Find the line that contains "гласные о/е после" in the records below, then repeat exactly that line and each one after it, leaving pictures out.

Material to process: Begin

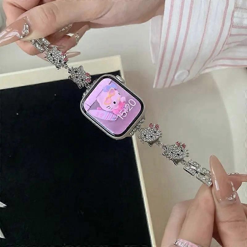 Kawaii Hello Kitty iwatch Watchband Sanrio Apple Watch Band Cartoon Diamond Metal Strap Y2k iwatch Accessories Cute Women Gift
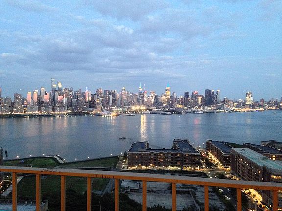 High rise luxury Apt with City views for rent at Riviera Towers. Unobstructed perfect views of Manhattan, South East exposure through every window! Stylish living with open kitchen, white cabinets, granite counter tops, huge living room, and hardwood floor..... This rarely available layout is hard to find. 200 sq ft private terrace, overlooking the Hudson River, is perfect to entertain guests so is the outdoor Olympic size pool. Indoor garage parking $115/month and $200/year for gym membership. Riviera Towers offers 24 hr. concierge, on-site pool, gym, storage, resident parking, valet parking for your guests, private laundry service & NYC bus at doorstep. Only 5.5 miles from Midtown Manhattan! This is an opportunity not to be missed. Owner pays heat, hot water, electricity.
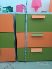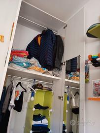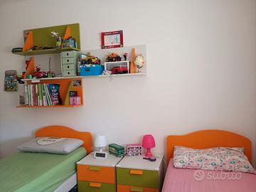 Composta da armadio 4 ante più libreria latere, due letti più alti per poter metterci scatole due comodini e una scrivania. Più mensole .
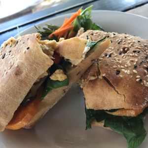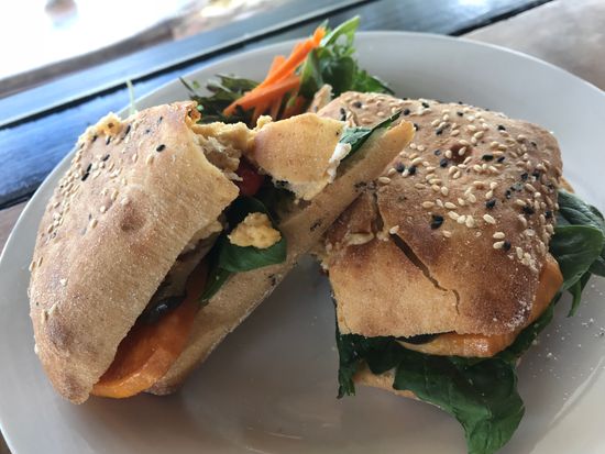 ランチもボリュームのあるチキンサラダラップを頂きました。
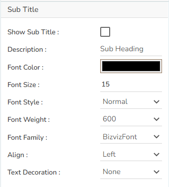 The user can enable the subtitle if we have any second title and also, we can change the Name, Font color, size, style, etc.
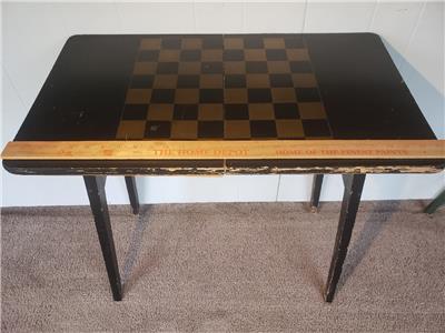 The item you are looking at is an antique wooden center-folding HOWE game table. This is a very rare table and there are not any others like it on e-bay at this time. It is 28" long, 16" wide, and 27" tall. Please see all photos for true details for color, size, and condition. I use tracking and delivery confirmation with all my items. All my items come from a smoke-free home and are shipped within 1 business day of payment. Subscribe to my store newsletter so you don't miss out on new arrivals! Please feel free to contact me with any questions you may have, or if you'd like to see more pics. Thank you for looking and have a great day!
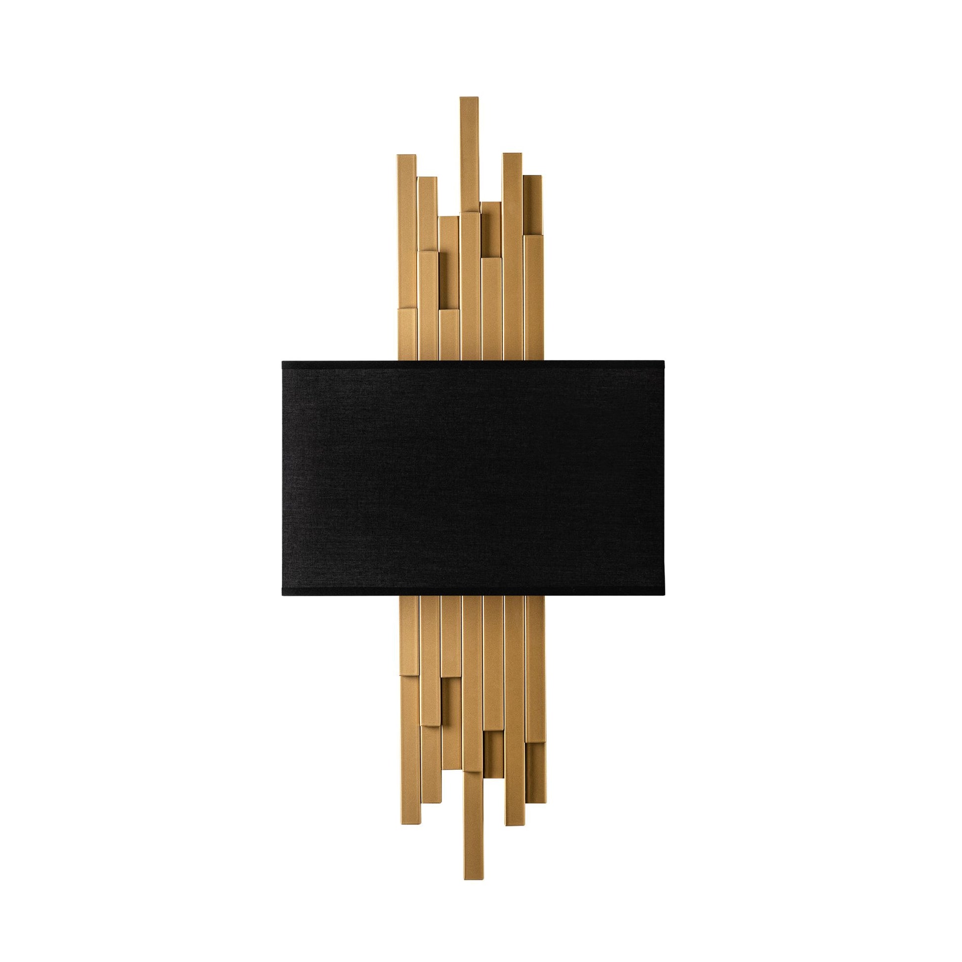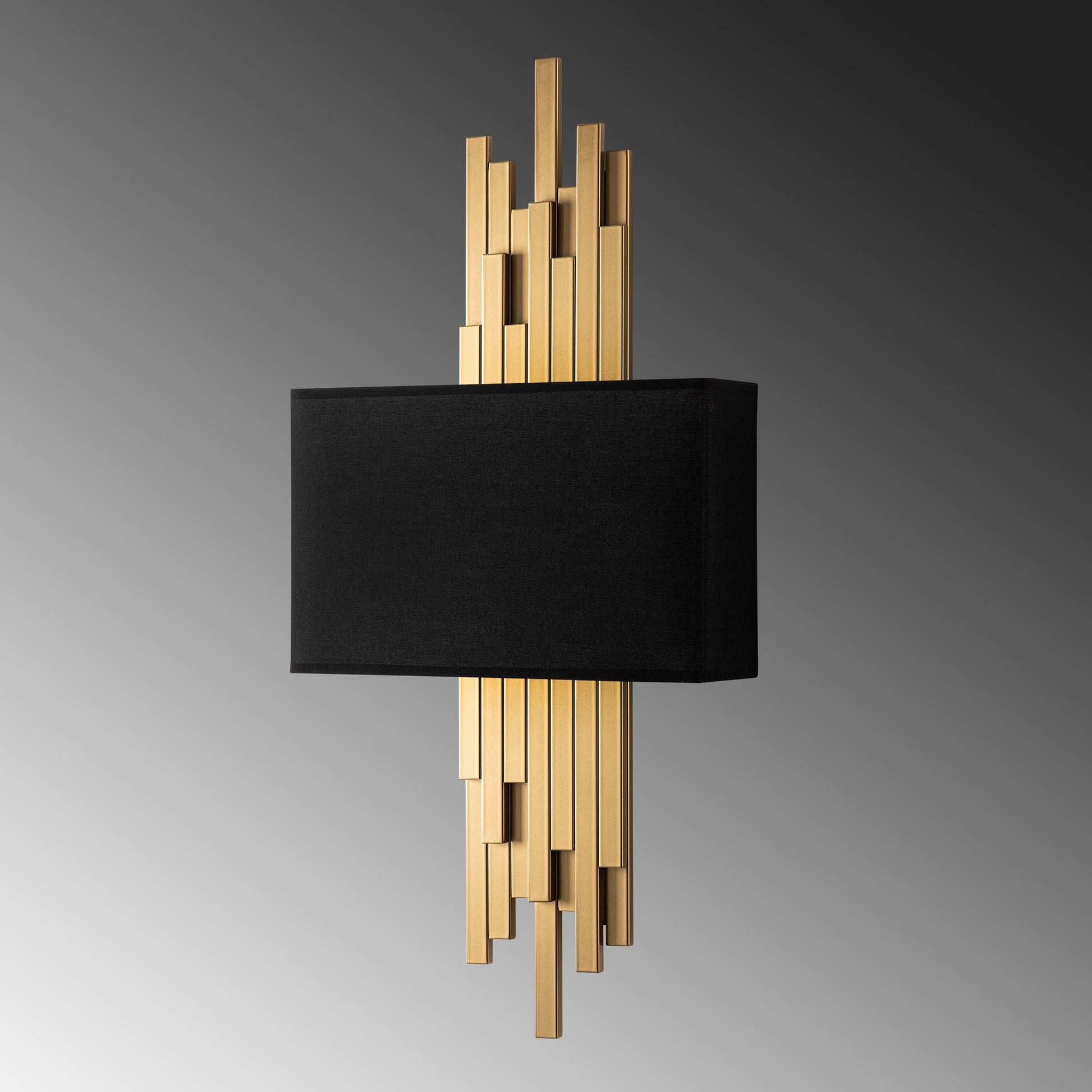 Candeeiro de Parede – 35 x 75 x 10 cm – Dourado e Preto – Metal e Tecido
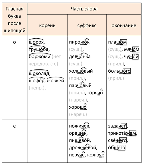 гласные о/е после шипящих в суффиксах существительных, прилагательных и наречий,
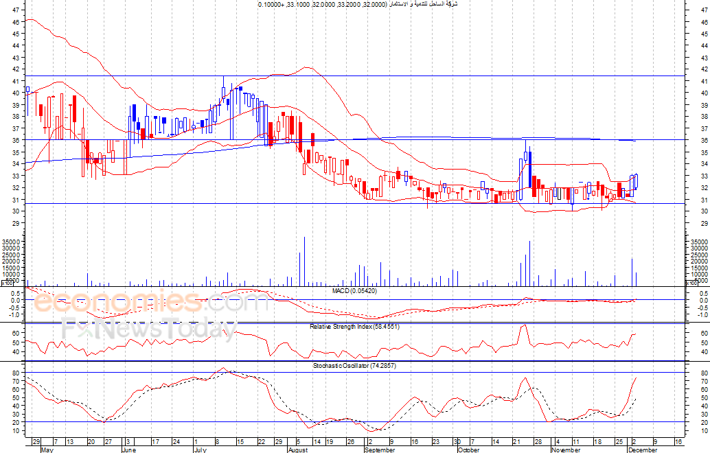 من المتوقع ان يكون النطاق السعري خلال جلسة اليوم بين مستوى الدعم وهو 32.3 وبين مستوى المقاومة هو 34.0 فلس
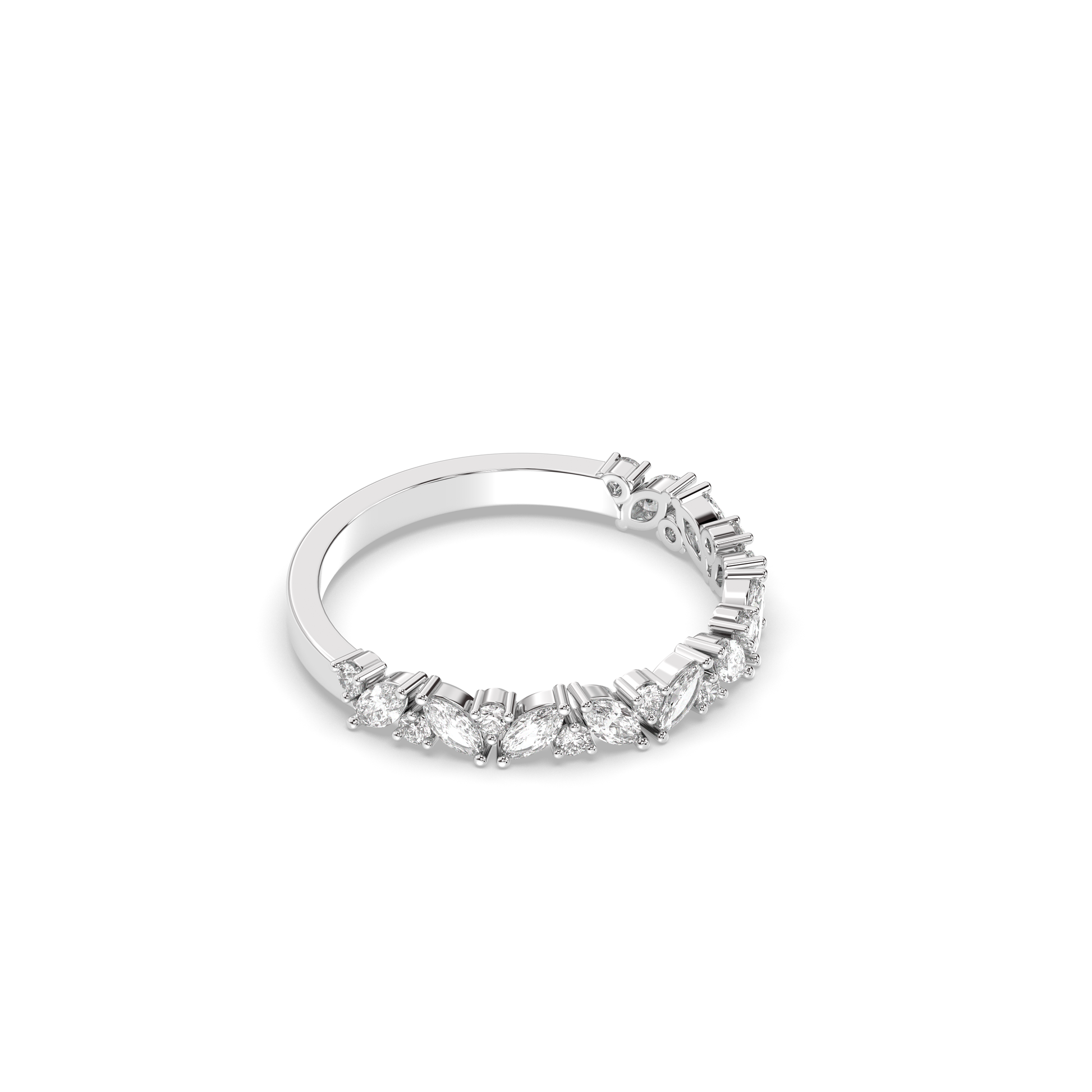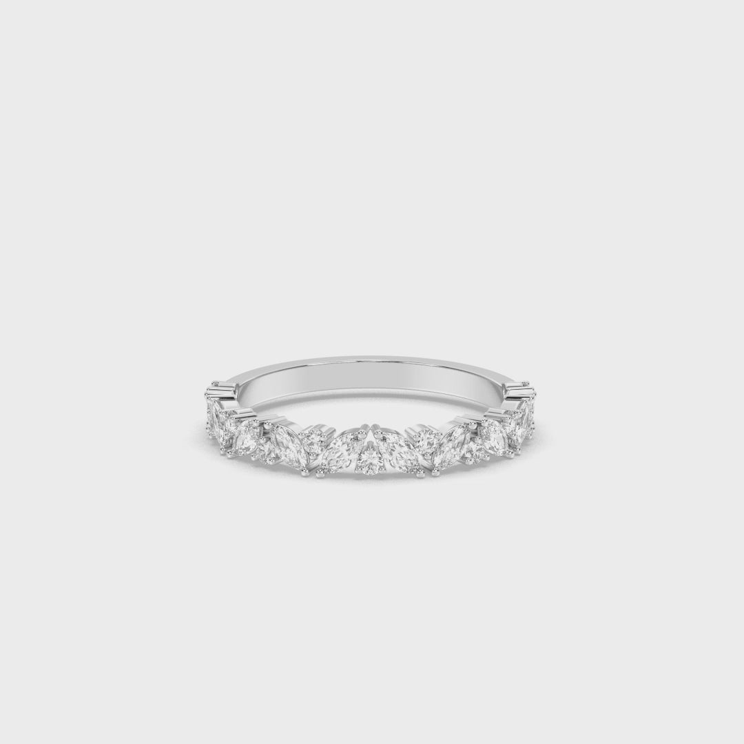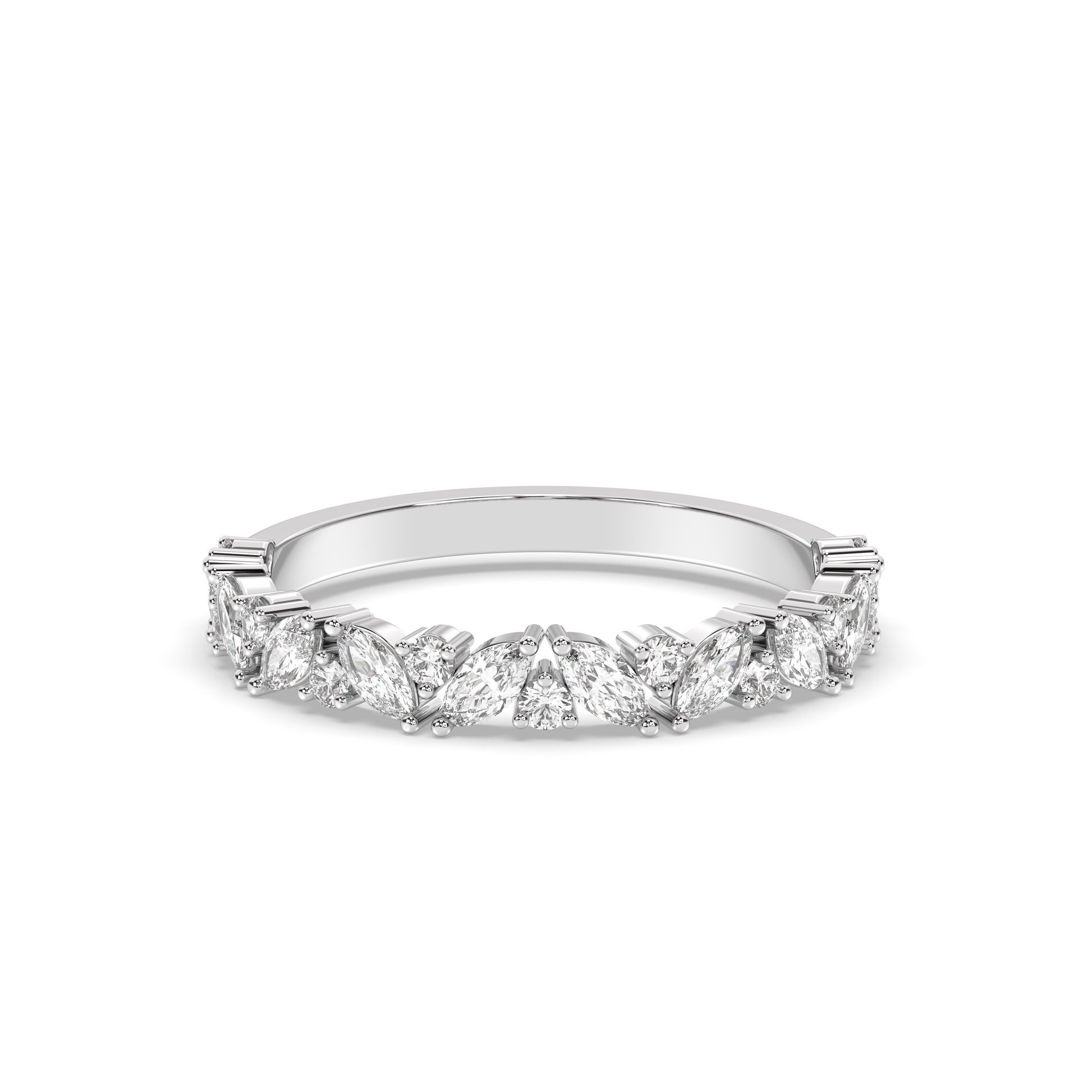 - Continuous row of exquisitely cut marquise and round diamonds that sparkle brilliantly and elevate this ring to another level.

Material to process: End

| Exercise output |
 гласные о/е после шипящих в суффиксах существительных, прилагательных и наречий,
 من المتوقع ان يكون النطاق السعري خلال جلسة اليوم بين مستوى الدعم وهو 32.3 وبين مستوى المقاومة هو 34.0 فلس
 - Continuous row of exquisitely cut marquise and round diamonds that sparkle brilliantly and elevate this ring to another level.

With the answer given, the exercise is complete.